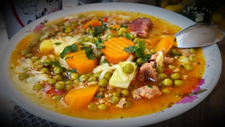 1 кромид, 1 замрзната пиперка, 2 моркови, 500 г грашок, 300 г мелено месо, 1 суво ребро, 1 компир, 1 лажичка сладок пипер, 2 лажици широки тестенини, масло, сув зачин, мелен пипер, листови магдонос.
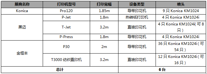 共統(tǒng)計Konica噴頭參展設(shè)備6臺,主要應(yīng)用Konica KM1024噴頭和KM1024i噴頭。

--

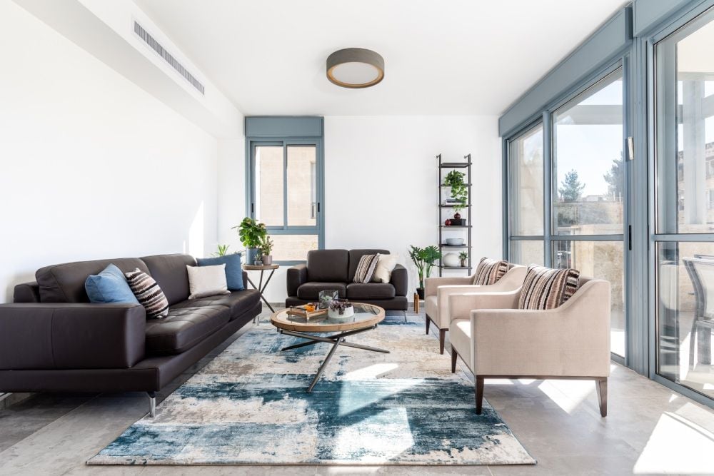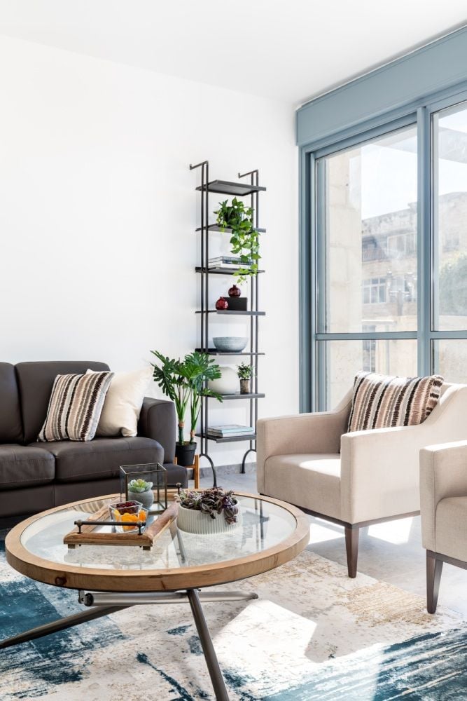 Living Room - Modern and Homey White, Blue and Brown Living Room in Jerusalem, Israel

WHAT IS REQUIRED -
In the listing above, find the line containing "1 кромид, 1" and the line containing "共統(tǒng)計Konic", then print exactly those two lines and every line between them, minus the pictures.

SOLVED PROBLEM -
 1 кромид, 1 замрзната пиперка, 2 моркови, 500 г грашок, 300 г мелено месо, 1 суво ребро, 1 компир, 1 лажичка сладок пипер, 2 лажици широки тестенини, масло, сув зачин, мелен пипер, листови магдонос.
 共統(tǒng)計Konica噴頭參展設(shè)備6臺,主要應(yīng)用Konica KM1024噴頭和KM1024i噴頭。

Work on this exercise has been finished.